6.3 把hook记录的和forward做减法

如果害怕会有小数点后面的数值不一致，或者数据类型的不匹配，可以对hook记录的特征和forward记录的特征做减法：

测试forward返回的feautes_in是不是和hook记录的一致：

				?

									print("sub result'")

									for forward_return, hook_record in zip(features_in_forward, features_in_hook):

									    print(forward_return-hook_record[0])

得到的全部都是0，说明hook没问题：

				?

									sub result

									tensor([[0., 0.],

									        [0., 0.]])

									tensor([[0., 0.],

									        [0., 0.]], grad_fn=<SubBackward0>)

									tensor([[0.],

									        [0.]], grad_fn=<SubBackward0>)

7、完整代码

				?

									import torch

									import torch.nn as nn

									class TestForHook(nn.Module):

									    def __init__(self):

									        super().__init__()

									        self.linear_1 = nn.Linear(in_features=2, out_features=2)

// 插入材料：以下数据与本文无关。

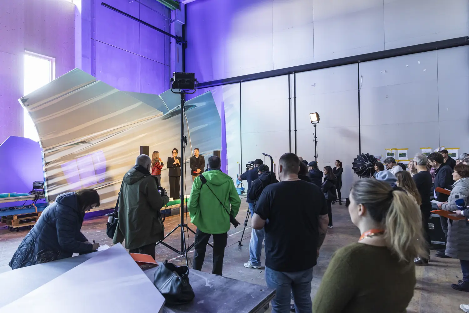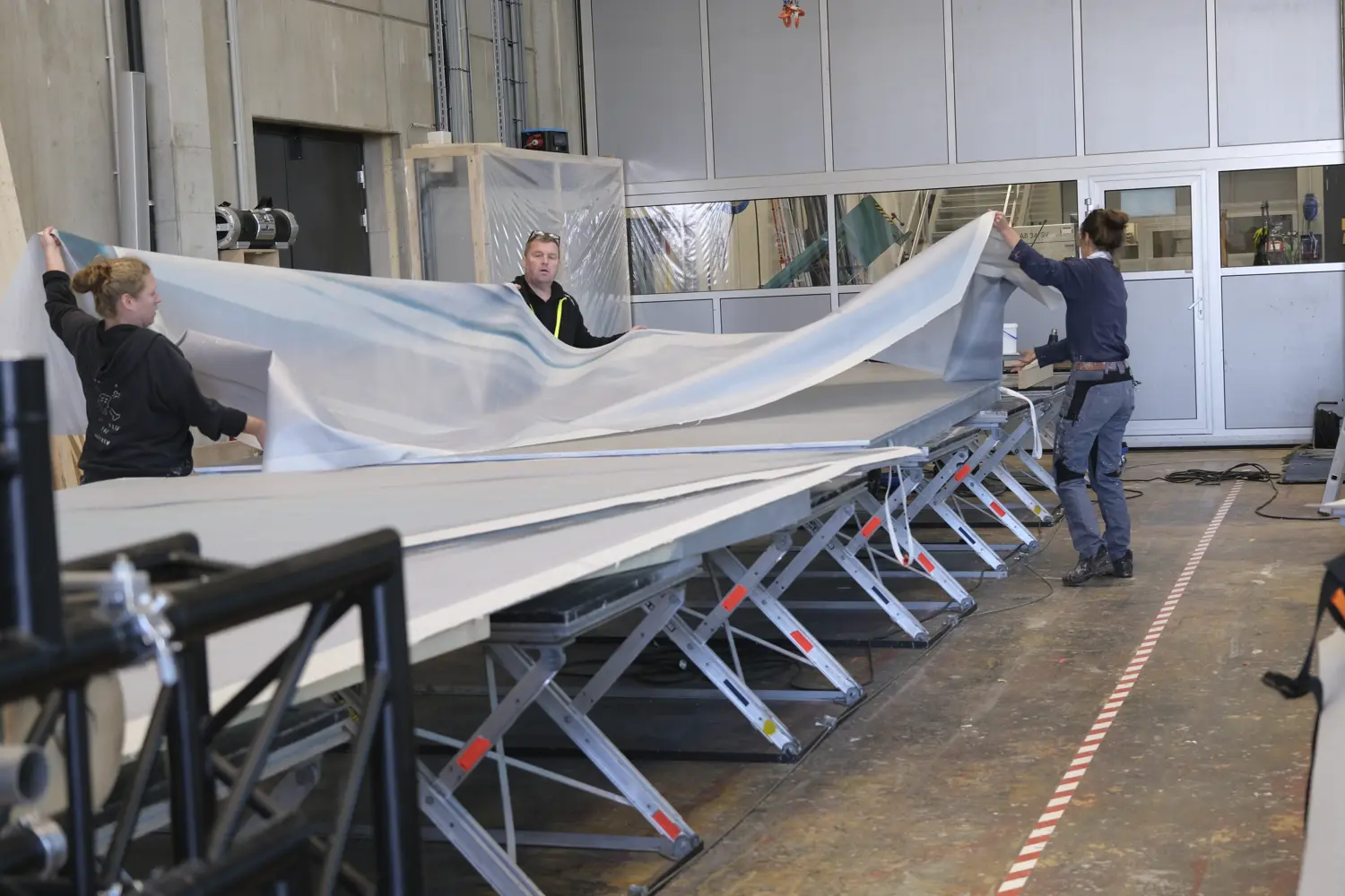 Bregenz, 05.02.26. Auf der Seebühne der Bregenzer Festspiele nimmt Giuseppe Verdis La traviata, das Spiel auf dem See 2026/27, zunehmend Gestalt an. In der Montagehalle arbeitet das Kaschur- und Technikteam derzeit an der 700 Quadratmeter großen Spiegelwand, dem zentralen Element des Bühnenbilds.

									        self.linear_2 = nn.Linear(in_features=2, out_features=1)

									        self.relu = nn.ReLU()

									        self.relu6 = nn.ReLU6()

									        self.initialize()

									    def forward(self, x):

									        linear_1 = self.linear_1(x)

									        linear_2 = self.linear_2(linear_1)

									        relu = self.relu(linear_2)

									        relu_6 = self.relu6(relu)

									        layers_in = (x, linear_1, linear_2)

									        layers_out = (linear_1, linear_2, relu)

									        return relu_6, layers_in, layers_out

									    def initialize(self):

									        """ 定义特殊的初始化，用于验证是不是获取了权重"""

									        self.linear_1.weight = torch.nn.Parameter(torch.FloatTensor([[1, 1], [1, 1]]))

									        self.linear_1.bias = torch.nn.Parameter(torch.FloatTensor([1, 1]))

									        self.linear_2.weight = torch.nn.Parameter(torch.FloatTensor([[1, 1]]))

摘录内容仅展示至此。